Hiring Your First Internal Evaluator: Knowing What You Need

Is your nonprofit planning to create your first internal evaluator? By this we mean a dedicated position to lead or manage evaluation inside your organization. We’ve seen these positions called many things – Outcome Managers, Evaluation Directors and Managers, Managers of Program Performance, Quality Assurance and Performance Improvement, Evaluation and Learning Coordinators, etc. Whatever you call it, we are talking about a position dedicated to supporting your organization in thinking evaluatively and employing systematic processes and tools for using a variety of data for measurement, reflection, learning, and improvement. (Read more about how we define evaluation.)

First, let’s celebrate the fact that your organization’s leaders value this work highly enough to make a significant investment in it! (Read five more ways your organization’s leaders can show support for evaluation.) This is still too rare, and it’s usually a sign of your organization’s growth, maturation, or aspirations.

The IllumiLab team and the members of our Community of Practice are or have been the first internal evaluator in our organizations. We have been the first to design and lead this work. We know the challenges and opportunities, and we have learned lessons we want to share. This post includes some considerations and tips to help you craft the right position. Our subsequent posts will share our tips for setting this person up for success and finding the right person to fill the role.

Graphical icon of a thinking brainDo You Want a Leader or a Manager?

One of the first questions you should consider is whether you want this internal evaluator to lead or to manage your evaluation work. That’s an important distinction with implications for the how you title the role and situate it in your organizational structure.

Do you need someone to develop an evaluation strategy, design and oversee evaluation infrastructure (tools, plans, software), and lead evaluation practices agency-wide? If so, you are looking for a leader, and we recommend you consider positioning this person as a peer to your most senior department and program leaders.

Or do you need someone to collect and enter data, run reports, conduct analyses, and train and support data collectors? If so, you are looking for an evaluation or data manager. These positions are focused on implementation and execution. We recommend this person be a peer to other managers in other administrative roles (development, accounting, etc.).
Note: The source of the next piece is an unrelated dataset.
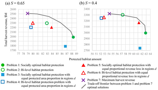 Trade-offs between problem 1–7 optimal solutions in dimensions of total harvest revenue and the amount of protected habitat in the range area: (a) optimal solutions for the protected habitat target S = 0.65; (b) optimal solutions for S = 0.4. The protected habitat amount is depicted as the dimensionless scores.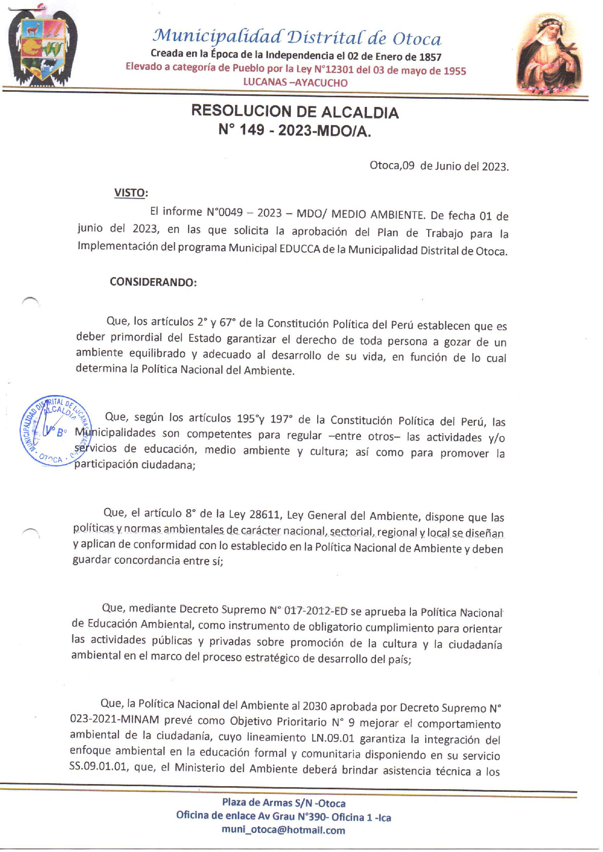 La presente Resolución de Alcaldía aprueba el Plan de Trabajo 2023 del Programa Municipal de Educación, Cultura y Ciudadanía Ambiental de la Municipalidad Distrital de Otoca -Lucanas (Ayacucho), con la finalidad de definir las actividades de educación, cultura y ciudadanía ambiental que se desarrollaran en la localidad durante el presente año.

If your answer is “We need both!,” you aren’t alone. To fill both roles, we see three common scenarios:

  1. Task an existing leader with evaluation leadership responsibilities and hire an evaluation manager. Ensure this senior leader has the evaluative knowledge and skills to meaningfully lead and oversee the manager’s work and provide sufficient support to your manager. Then, hire an evaluation manager with the technical and soft skills necessary to implement your evaluation strategies (more on those skills in our next post).
  2. Hire an evaluation leader and distribute the daily evaluation and data management tasks to existing staff who have the aptitude and capacity for such work, or
  3. Create two new positions and hire both.

The Bottom Line

Knowing that your organization wants and needs to do more or better evaluation is a great first step, but you need more clarity in order to design a value-adding position. Consider the skills and capacities that you have in-house and how you can leverage and supplement those to not only implement evaluations but build evaluation capacity, use evaluation well, and generate meaningful insights and improvements as a result.